Next, an elongated asteroid should be selected, perhaps measuring a kilometer in diameter and two kilometers in length with a mass of about 1013 kg. The mirror is then used to bore out a hole down the central axis of the object. This is done by focusing the sun's rays on the mountain of nickel-iron and vaporizing away some of the metal. After it has cooled, the longitudinal hole is charged with large tankards of liquid water. The ends are securely plugged and welded shut using heat from the large mirror.
The planetoid is set spinning slowly around its long axis. The entire metal body is bathed in concentrated solar heat directed at its surface by the mirror. Gradually the temperature rises, finally reaching the melting point all over the surface. Slowly the heat creeps inward until virtually the entire object is molten or soft.

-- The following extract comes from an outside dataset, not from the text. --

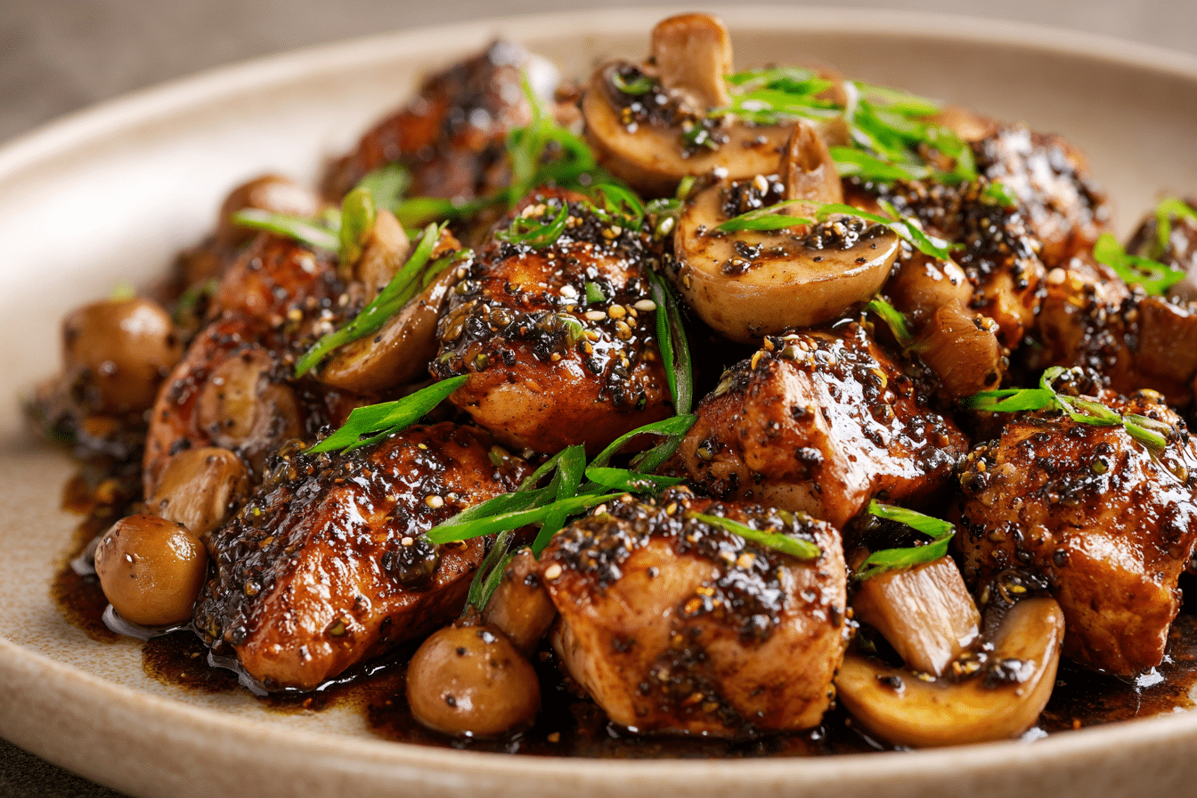 PrintDescription: A bold, savory stir-fry of tender chicken and earthy mushrooms tossed in a glossy, peppery sauce — fast, flavorful, and perfect for rice or noodles.

The central axis is the last place to melt if the procedures have been correctly executed. So long as this region remains solid, the melting body retains a cylindrical shape rather than coalescing into a formless spheroid. Just before the central region melts, the axial water tanks explode into super-heated steam. The immense pressure blows the asteroid into a giant nickel-iron balloon some 10 km in diameter and 20 km in length.
Once the hollow world has solidified and cooled off, construction crews affix the giant mirror to one end and direct solar power down the central axis to bring sunshine to the interior. Water, soil, and biology are now moved in. More than 780 km2 are available for habitation.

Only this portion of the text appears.